The rowel spur over mail chausses visible on the right presbytery wall at Casale, under the fresco stratum with the well-preserved Virgin and Child, Erasmus, and Mary Magdalene, probably belongs to a lost warrior saint and certainly to the period soon after 1300 [28.P; Plate 6]. One of the earliest representations of such equipment is worn by a Byzantine soldier in a History of Outremer manuscript produced in Lombardy circa 1291–95, but it remains unclear whether rowel spurs were Byzantine or Italian in origin.87
A knight kneeling beside Saint Antony Abbot at Galatina, just above the saint’s pig, is accompanied by an inscription signed by the artist and dated 1432 [47.D].88 The man is often thought to represent the patron of the church, Raimondello del Balzo Orsini, but I see little reason for this identification. He is dressed in thigh-length chain mail over a tight-sleeved red tunic and leggings, one red and one white. Over this ensemble are a sleeveless green mantle and a wide belt, part of which juts out oddly to visually tether him to the saint’s mantle.

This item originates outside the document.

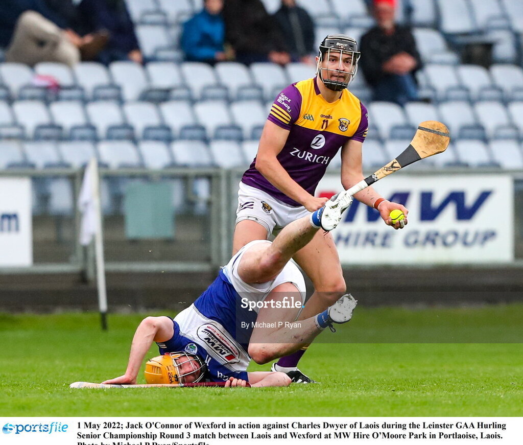 1 May 2022; Jack O'Connor of Wexford in action against Charles Dwyer of Laois during the Leinster GAA Hurling Senior Championship Round 3 match between Laois and Wexford at MW Hire O’Moore Park in Portlaoise, Laois. Photo by Michael P Ryan/Sportsfile

Turning now to a more common category of male imagery, there are a few examples of monks represented in the characteristic pose of veneration. Two figures at Miggiano whose proskynesis (veneration) is literally (mis)spelled out (“προ[σ]κηνισις”) are identified further in Greek as “Leo the monk” and “Nicholas the monk,” but with three figures depicted it is unclear whether only two are monastic [73.A–B]. Perhaps they are the two bearded figures, but these two are dressed differently and only Nicholas, the one shown bending over in full proskynesis, wears monastic garb; the other bearded figure, by far the largest and also the only one not named, sports a tight-sleeved garment with decorated wrists under a bluish robe with a decorated hem. The ornamented hem would seem to remove him from the monastic ranks. The uppermost figure, Leo, is dressed like the crouching Nicholas but lacks a beard; perhaps he is a young monk. An enigmatic beardless figure I discovered on the east wall at Li Monaci may be a monk; he wears a red-brown robe with a bunched neckline but his head is uncovered [43.B]. The brown-robed, hooded figure kneeling beside a female saint in the Crocefisso della Macchia cave is certainly a monk [34].